MANHATTAN (CN) - New York City agreed to pay $2.5 million to a Long Island man who won a groundbreaking ruling last year allowing him to file civil rights claims related to an offense to which he pleaded guilty, but insists he did not commit.
In 1998, Marcos Poventud was wrongly convicted of attempted murder and other crimes in connection to the robbery and shooting of livery cab driver Younis Duopo.
Though sentenced to 10 to 20 years, Poventud's fortunes turned as evidence at a co-defendant's trial revealed that he was misidentified in a photo lineup.
Years into his sentence, Poventud successfully challenged his convictions under Brady v. Maryland, the landmark Supreme Court ruling that obligates prosecutors to hand over exculpatory evidence.
When prosecutors threatened to pursue a lengthy appeals process, Poventud opted to leave prison after nine long years by falsely pleading guilty to a lesser charge of third-degree attempted robbery, he said.
New York City tried to fend off Poventud's subsequent civil rights claims by arguing that his plea forfeited his right to file a lawsuit.
The Second Circuit convened a rare en banc hearing to consider that question, and most of judges came down in Poventud's favor last year in a 9-4 opinion.
In a concurring opinion, Judge Gerard Lynch compared Poventud's choice at the time to that of John Proctor in Arthur Miller's drama "The Crucible," "who goes to the gallows rather than accept an offer that would let him go free in exchange for a false confession."
"It is difficult to expect such heroism of mere mortals," Lynch wrote. "Proctor, though based on a historical figure, is after all a fictional character, and even he first signed the false confession before having a change of heart.

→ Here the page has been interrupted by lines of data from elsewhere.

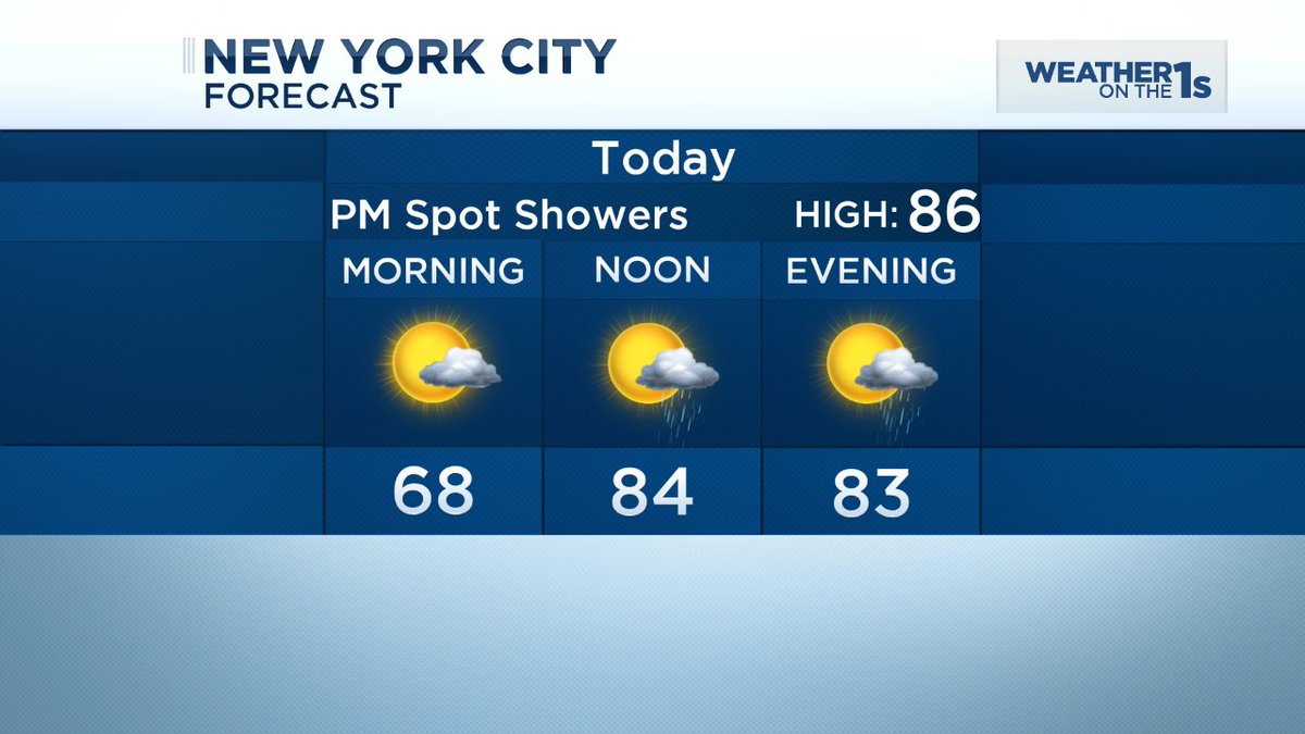Look for partly sunny skies and warmer conditions today. Some areas could see a brief shower as well. High: 86
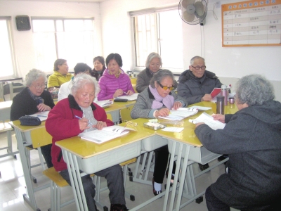 其中最具特色的当属“老年英语学习班”,这是一个特殊的英语学习班,老师和学生都是社区的退休老人。上课的洪优莲老师是归国华侨,有一口流利地道的英式英语,退休前担任上海理工大学英语教研系副主任。洪优莲已连续十多年为社区老人义务教授英语,每周一次的英语课,洪老师风雨无阻,每次课都是第一个到教室,先在黑板上列提纲、写重点。
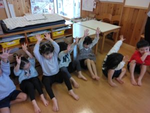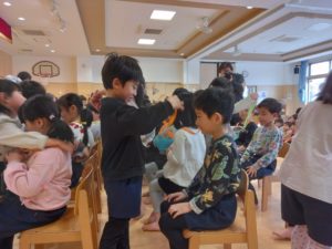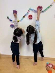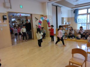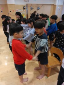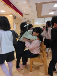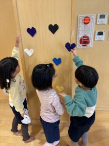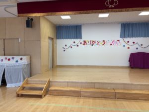 ありがとうの会に向けて、以前のサークルタイムで「ありがとうの会の前にホールのお掃除したらいいんじゃない?」「飾りつけも!」と話していたので、まずどこの掃除をするのか話し合いました。

Poventud did what I suspect most ordinary human beings would do in his situation, even if they were innocent."
Poventud's claims survived summary judgment on remand back in Federal Court in March.
Rather than pursue the case to trial, the parties reached a settlement on Wednesday and the amount of the award was disclosed for the first time on Thursday.
His attorney Julia Kuan said in a phone interview that her client is "very satisfied with the settlement."
"Our client has finally gotten some vindication for everything that he's suffered, and he can finally put all of this behind him," she said.
The amount of the settlement is the same as the city paid Poventud's one-time co-defendant, Robert Maldonado.
The New York City Law Department defended its decision to settle in a statement.
"This case raised a novel legal issue concerning the resolution of the plaintiff's criminal charges and its effect on his civil claims," it said. "In light of the court's rulings continuing this litigation, an assessment of the evidentiary record and the substantial attorney's fees that could be awarded in this 2007 action, settlement of this matter was fair and in the best interest of the city."